La balance penche en faveur de cette dernière hypothèse, d’autant plus que seulement dix ans plus tard – le 13 décembre 1250 – dans la région de Foggia à Torremaggiore, Stupor Mundi, cinquante-six ans, ferma les yeux pour toujours. Il lui aurait fallu parcourir deux cents kilomètres à cheval pour atteindre le manoir où, un an plus tôt, sa fille naturelle, Violanta, avait été mariée par Riccardo, comte de Caserta. Une construction à son image, au point que c’est probablement lui qui l’a conçue. Manoir de chasse ou forteresse militaire ; temple du savoir pour se consacrer, en retraite, à des disciplines chères – mathématiques, géométrie, astronomie ; même, beaucoup s’aventurent, des hammams, en souvenir de ceux connus en Orient, ce qui expliquerait la présence de tant de citernes, canalisations, salles de bains, parmi les plus anciennes de l’histoire de l’architecture.

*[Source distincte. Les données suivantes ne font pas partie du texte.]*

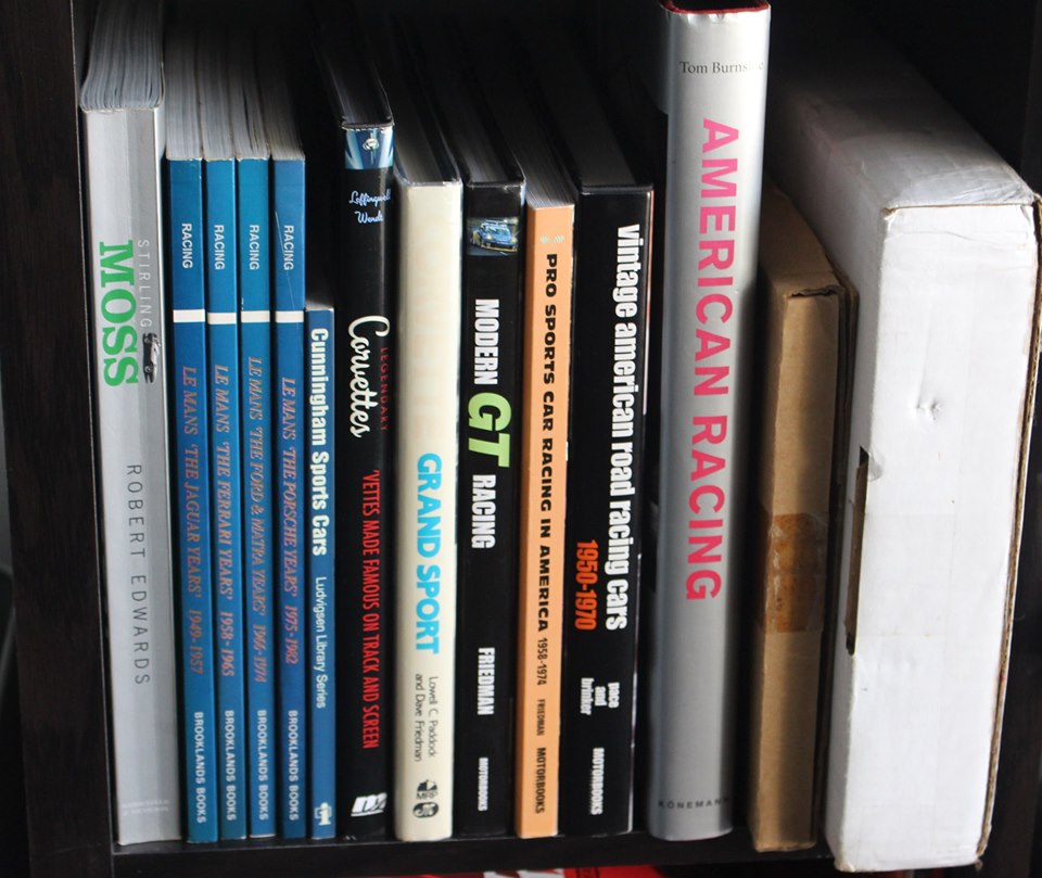 In the cardboard cartons are the Vintage Motorsport collection " The Specials " and the big one is the Corvette Book by Dick Guldstrand - self published and marketed - mine I got around 2003 and it arrived in a US Postal Service Mail Sack with a lock on it - I wrote back and said did they want and was " keep it '.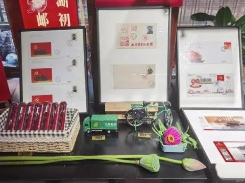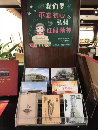 南湖初心郵局設(shè)立于煙雨樓前“南湖1921文創(chuàng)專營商店”,紅彤彤的郵政信筒上面印有“南湖初心郵局”字樣,精心布置的紅色文化展臺、琳瑯滿目的紅色題材郵品令人耳目一新。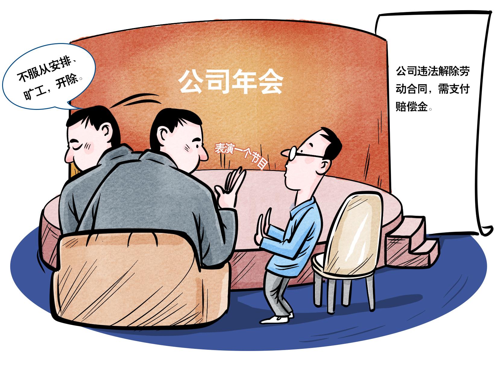 近日,深圳市總工會公布了一起勞動爭議案件。某公司領導要求一名員工在公司年會表演節(jié)目,被該員工拒絕。隨后該領導以“不服從安排、曠工”為由將該員工開除。該員工便申請勞動仲裁維權。經(jīng)仲裁、一審及二審調(diào)解,法院認定該公司行為屬于違法解除勞動合同,需一次性向被開除員工支付賠償金。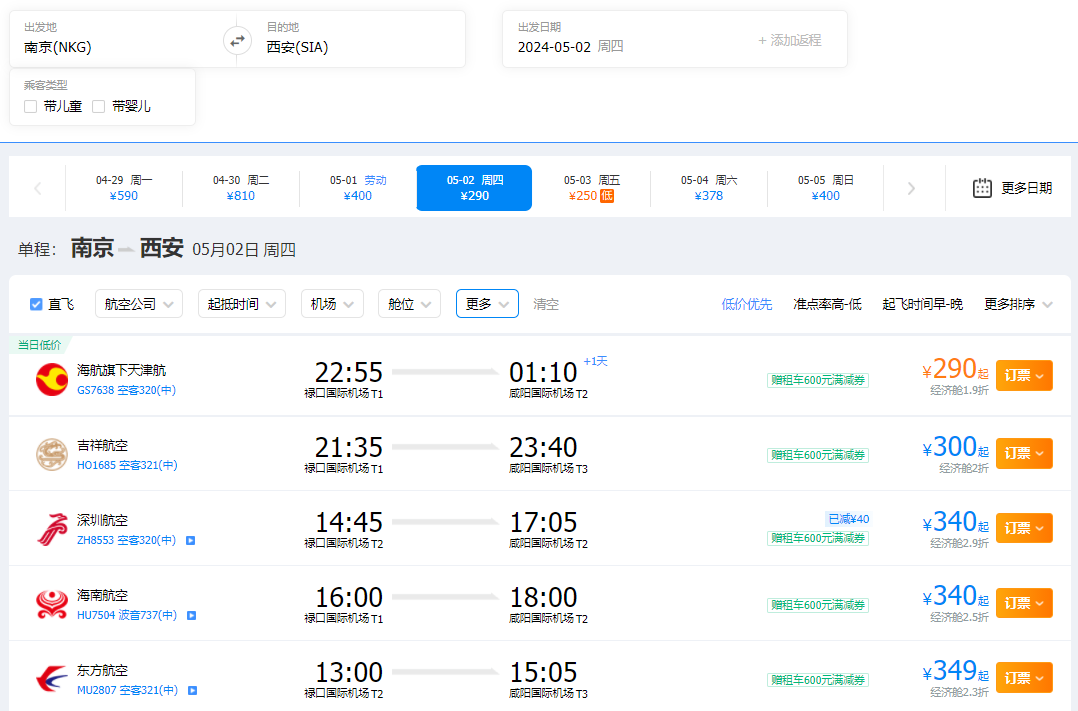 去西安的航线都不贵,回程可以考虑5月6日回来。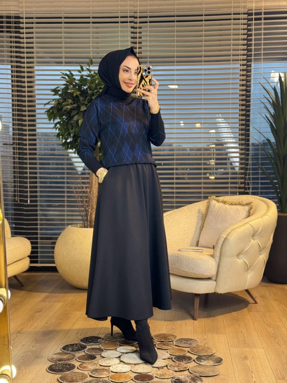44251 Sim Baklava Desen Triko Kazak Siyah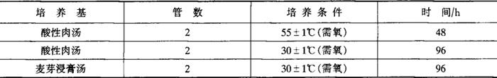 (2)酸性罐头食品 每罐接种培养基、管数及培养条件见表5-3-6。 表5-3-6

Surtout, la forme du colosse est intrigante. Tout d’abord, l’anniversaire du chiffre 8. Le plan général est octogonal, il en va de même pour les huit tours, une à chaque angle, et il en va de même pour la cour intérieure. D’en haut, cela ressemble à une couronne, les nombreux entourés du souverain, roi de Sicile, des Romains, du Saint Empire romain germanique, de Jérusalem conquise sans coup férir lors de la Sixième Croisade. Mais l’octogone suggère aussi autre chose : c’est une forme intermédiaire entre le carré (la Terre) et le cercle (le Ciel), il fait donc allusion au passage de l’un à l’autre ; dômes octogonaux de la chapelle palatine d’Aix-la-Chapelle, où il fut couronné empereur en 1215, et du Rocher de Jérusalem. Sans compter que le 8, placé horizontalement, est symbole de l’infini.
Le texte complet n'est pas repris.